> [YOUR OBJECTIVE]: Quote every line of the data below as it stands, omitting pictures.

-------- PROVIDED ENTRIES

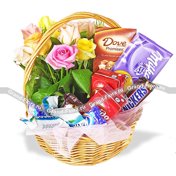 Уменьшенный: шоколад "Milka" - 1 шт., Snikers - 1 шт., шоколад Чудо - 1 шт., шоколад DOVE (12 пожеланий) - 1 шт., Milky Way - 2 шт., Bounty - 2 шт., розы (20 см) - 5 шт., оазис, декор, корзина малая.
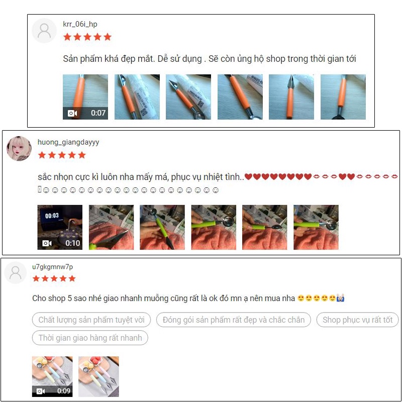 Dụng cụ tạo hình tam giác: dùng để tạo ra các đường nét sâu có hình tam giác thường được dùng để tỉa rau củ và hoa quả Dụng cụ muỗng múc: muỗng xoay 360, tạo ra các khối tròn thường được dùng cho các loại quả mềm như dưa hấu, bơ ,thanh long…
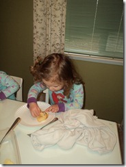 Easter morning before church, we made Resurrection rolls (croissants wrapped around a marshmallow that disappears when baked, leaving an empty hole in the middle.)  It was the perfect way to start off Resurrection morning before church. We were also able to open our last Resurrection egg (which of course was empty as well) before we headed out the door.  Here are the girls checking out the empty “tomb”.
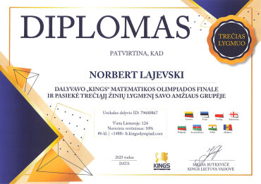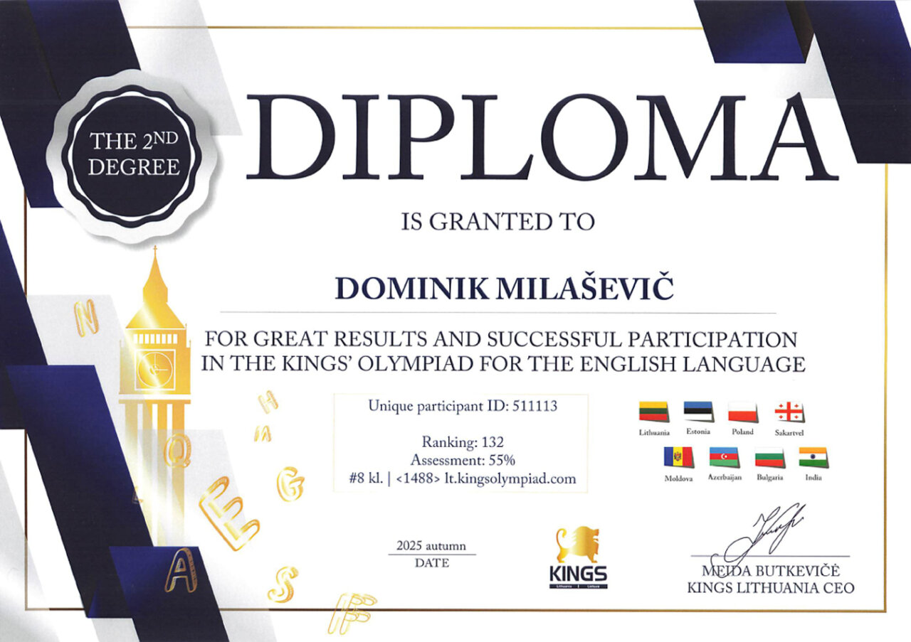 Gratulujemy uczniom naszego gimnazjum: Norbertowi Łajewskiemu za otrzymanie dyplomu III stopnia w olimpiadzie z matematyki i Dominikowi Miłaszewiczowi (klasa 8b) za otrzymanie dyplomu II stopnia w olimpiadzie języka angielskiego w finale Olimpiady „Kings ruduo 2025“.
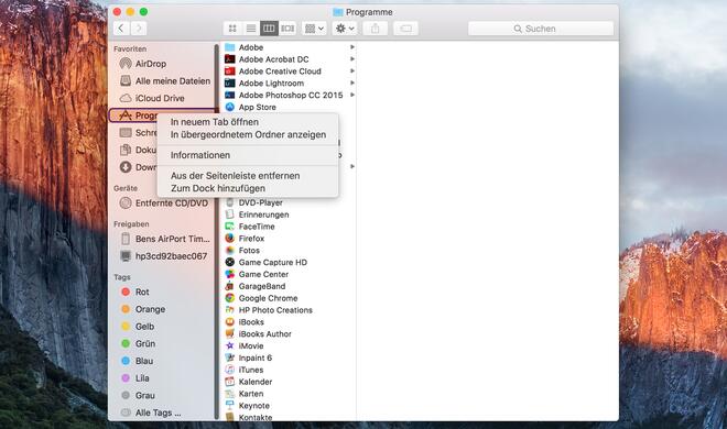 Die Verwaltung von Dokumenten, Downloads und anderen Daten übernimmt der Finder. Er ist also wie der Explorer unter Windows. Am linken Rand werden die wichtigsten Ordner eingeblendet und ebenso kann man von hier aus auf den Cloud-Speicher zugreifen, sofern man denn eine Apple-ID eingerichtet hat.
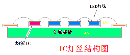 IC 燈(deng)絲(si)昰直接將恆流IC 芯片綁定在(zai)燈(deng)絲基闆(ban)上,恆流(liu)IC 在(zai)燈(deng)絲(si)基闆上與(yu)N顆LED 燈(deng)珠芯片直接(jie)串聯(lian)成(cheng)一(yi)體,成(cheng)爲有(you)自(zi)控燈絲電(dian)流(liu)的(de)新(xin)型(xing)電(dian)子LED 燈(deng)絲。
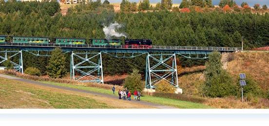 Am Tag der deutschen Einheit galt unser Gruß der Veranstaltung "20 Jahre Pressnitztalbahn". Auf dem 8 km langem erhaltenen Reststück der Pressnitztalbahn von Steinbach nach Jöhstadt konnte man bei volksfestartigem Andrang rund 50 Dampfzüge sehen. Stars waren die sechs blitzsauberen IV-K Drehgestellloks, Reihe 99.51, mit ihren Vierzylinderverbundtriebwerken. Sie erkraxelten mit ihren vollbesetzten Waggons munter die Steigungen vor Jöhstadt - wie vor 100 Jahren.

----------------

> [OUTPUT FOR THIS EXERCISE]:
 Уменьшенный: шоколад "Milka" - 1 шт., Snikers - 1 шт., шоколад Чудо - 1 шт., шоколад DOVE (12 пожеланий) - 1 шт., Milky Way - 2 шт., Bounty - 2 шт., розы (20 см) - 5 шт., оазис, декор, корзина малая.
 Dụng cụ tạo hình tam giác: dùng để tạo ra các đường nét sâu có hình tam giác thường được dùng để tỉa rau củ và hoa quả Dụng cụ muỗng múc: muỗng xoay 360, tạo ra các khối tròn thường được dùng cho các loại quả mềm như dưa hấu, bơ ,thanh long…
 Easter morning before church, we made Resurrection rolls (croissants wrapped around a marshmallow that disappears when baked, leaving an empty hole in the middle.)  It was the perfect way to start off Resurrection morning before church. We were also able to open our last Resurrection egg (which of course was empty as well) before we headed out the door.  Here are the girls checking out the empty “tomb”.
 Gratulujemy uczniom naszego gimnazjum: Norbertowi Łajewskiemu za otrzymanie dyplomu III stopnia w olimpiadzie z matematyki i Dominikowi Miłaszewiczowi (klasa 8b) za otrzymanie dyplomu II stopnia w olimpiadzie języka angielskiego w finale Olimpiady „Kings ruduo 2025“.
 Die Verwaltung von Dokumenten, Downloads und anderen Daten übernimmt der Finder. Er ist also wie der Explorer unter Windows. Am linken Rand werden die wichtigsten Ordner eingeblendet und ebenso kann man von hier aus auf den Cloud-Speicher zugreifen, sofern man denn eine Apple-ID eingerichtet hat.
 IC 燈(deng)絲(si)昰直接將恆流IC 芯片綁定在(zai)燈(deng)絲基闆(ban)上,恆流(liu)IC 在(zai)燈(deng)絲(si)基闆上與(yu)N顆LED 燈(deng)珠芯片直接(jie)串聯(lian)成(cheng)一(yi)體,成(cheng)爲有(you)自(zi)控燈絲電(dian)流(liu)的(de)新(xin)型(xing)電(dian)子LED 燈(deng)絲。
 Am Tag der deutschen Einheit galt unser Gruß der Veranstaltung "20 Jahre Pressnitztalbahn". Auf dem 8 km langem erhaltenen Reststück der Pressnitztalbahn von Steinbach nach Jöhstadt konnte man bei volksfestartigem Andrang rund 50 Dampfzüge sehen. Stars waren die sechs blitzsauberen IV-K Drehgestellloks, Reihe 99.51, mit ihren Vierzylinderverbundtriebwerken. Sie erkraxelten mit ihren vollbesetzten Waggons munter die Steigungen vor Jöhstadt - wie vor 100 Jahren.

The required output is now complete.